How to build a resilient DAG
Managing data complexity with orchestration that happens at the rhythm of your business
This week I’m thinking in public.
Our data team is preparing to invest in some much needed complexity busting to get our SLI for key company metrics freshness back to 🟢. There’s a 3-step framework I love that helps reason about DAG design in a way that helps with both timely data SLAs and in staying resilient to frequent changes in the business.
I was going to write it down in YAID (yet another internal document), but there’s no reason it can’t be public.

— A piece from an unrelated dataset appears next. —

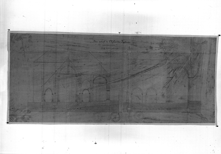 Coupe sud nord dans la nef du porche sud aux Fonts baptismaux, et coupe ouest-est dans la nef et le transept au 28 mai 1886Immatriculation

In fact, it might even be better off as a blog post — it will force me to stay at a high level and avoid trying to fix the problem myself! ;)
Hope you find it useful!
But before we get into the big post, here’s a few other cool things I read this week:
Why Pandas and Numpy return different values for standard deviation by Avi Chawla. This has tripped me up before when moving workflows from R to Python, and is a great reminder to read the docs to understand functions you’re using to develop insights!
Data team as a % of workforce by Mikkel Dengsøe is a very insightful look at the makeup of data teams of 100 companies in different regions and industries. The size of the dbt Labs internal data team, for instance, is squarely the median of US companies and that feels about right!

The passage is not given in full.